We walked back to the station, and eventually boarded a boat to America, steerage again, with its horrible conditions: straw ballets on double tier boards, sanitary comforts strictly primitive, food handed out in tin plates on the upper deck. In my group I was the only one who could go up the first days, seasickness never bothered me on any of the trips, and I collected big boiled-in-jackets potatoes, glassy looking sweetened rice with big raisins in it, coarse black bread, and chickory (sic) coffee in tin cups—luxury! Of course Mama had her hardtack and spicy “gomelkes,” the dried cone-shaped cheese cakes I’ve mentioned, and other food.

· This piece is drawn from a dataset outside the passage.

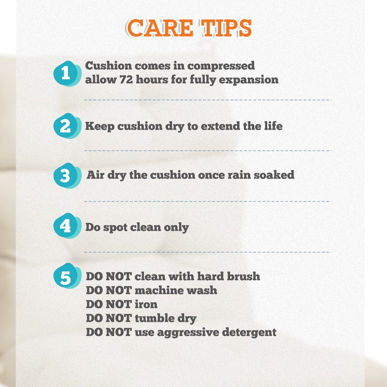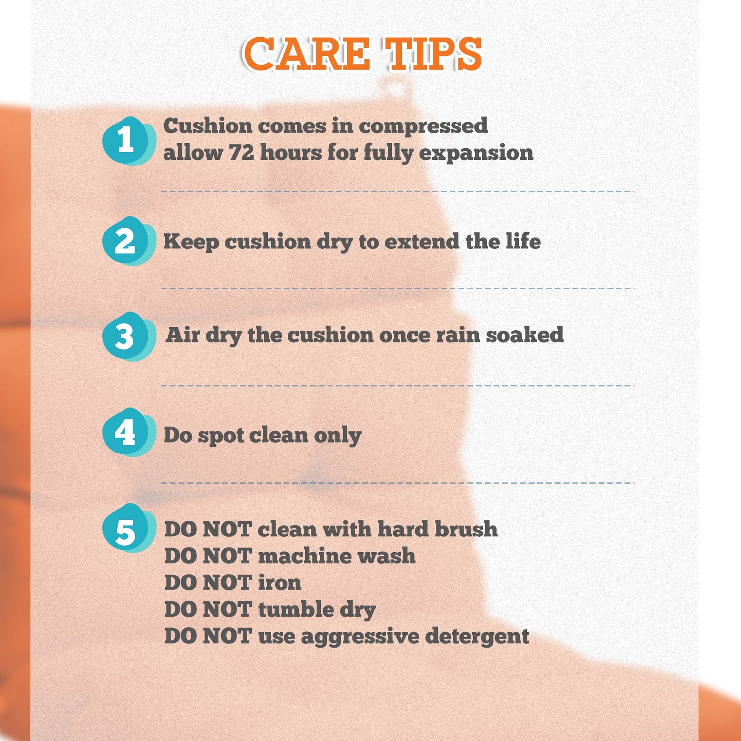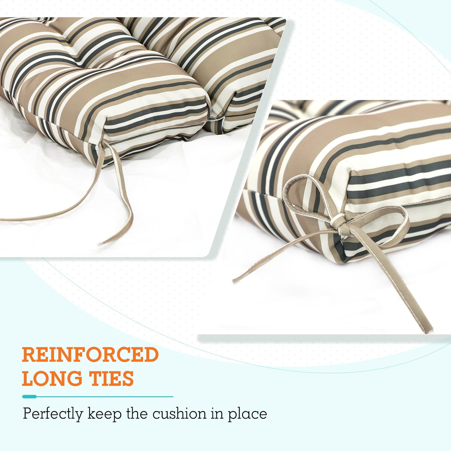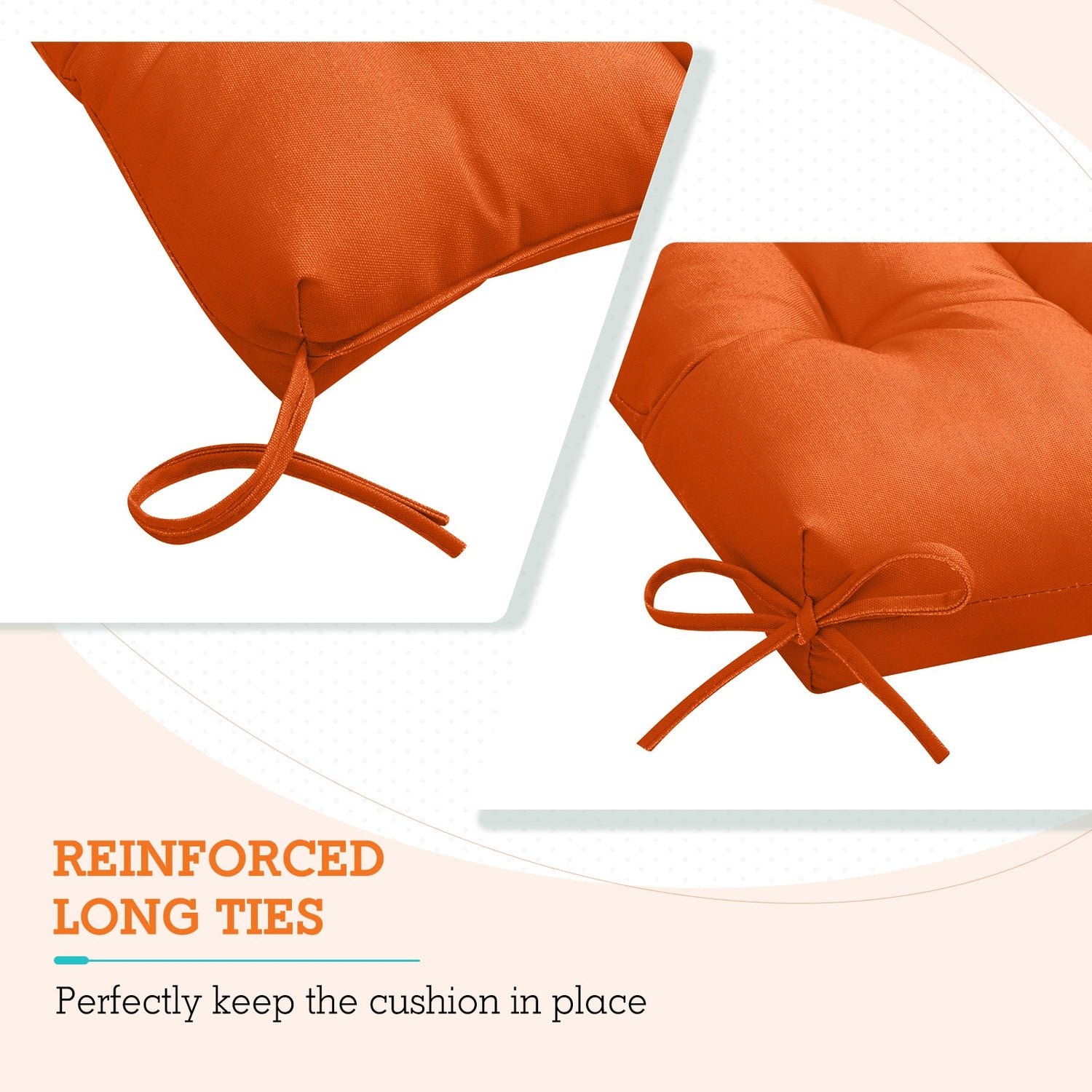 REINFORCED TIES: Features four long ties that help keep the cushion safely attached to furniture and keep the cushion in place. It is recommended to store or cover it when not in use to maintain the product.

I climbed up on deck every chance I had, and folks in the second class treated me with fruit and other dainties.

1900
June 5, 1900
Age 14
New York, New York, NY, USA

55 Avenue D, Manhattan

1904
1904
- 1906
Age 17
New York, NY, USA

Leah Kreinik Jacobowitz: " Mother worked hard, what with all the cooking, baking, marketing once a week for the Sabbath downtown (we were living at W. 81st St. then), going by street car and bringing back large bundles. We helped with the laundry and weekly cleaning on Sundays. Mother rarely laid a hand on us; she tried her best with scolding, scolding. She was a woman without a "gall," the Jewish word for bitterness; charitable almost beyond the limit of her meager means, loved by the neighbors,m Jew or non-Jew." Page 33. As I Remember, 1962.

1922
1922
Age 35
Worcester, MA, USA

Here’s a picture taken at my Uncle Horace’s Bar Mitzvah in Worcester, Mass. in 1922. The first row is Eli Jacobowitz, Lillian Kreinick, Leah Jacobowitz. Second row: Billie Jacobowitz, Horace Kreinick, Florence Kreinick, Freida Kreinick (great-grandmother),Tianna Opper, S. Joseph Kreinick (great-grandfather). Third row: Ruth Kreinick, Gene Kreinick in sailor suite, and Sylvia Kreinick. I guess my grandfather, Irving, took the picture.

1922
Age 35
New York, New York, NY, USA

Anna Kreinik is listed in New York City Directory as P S Tchr and a home address as above.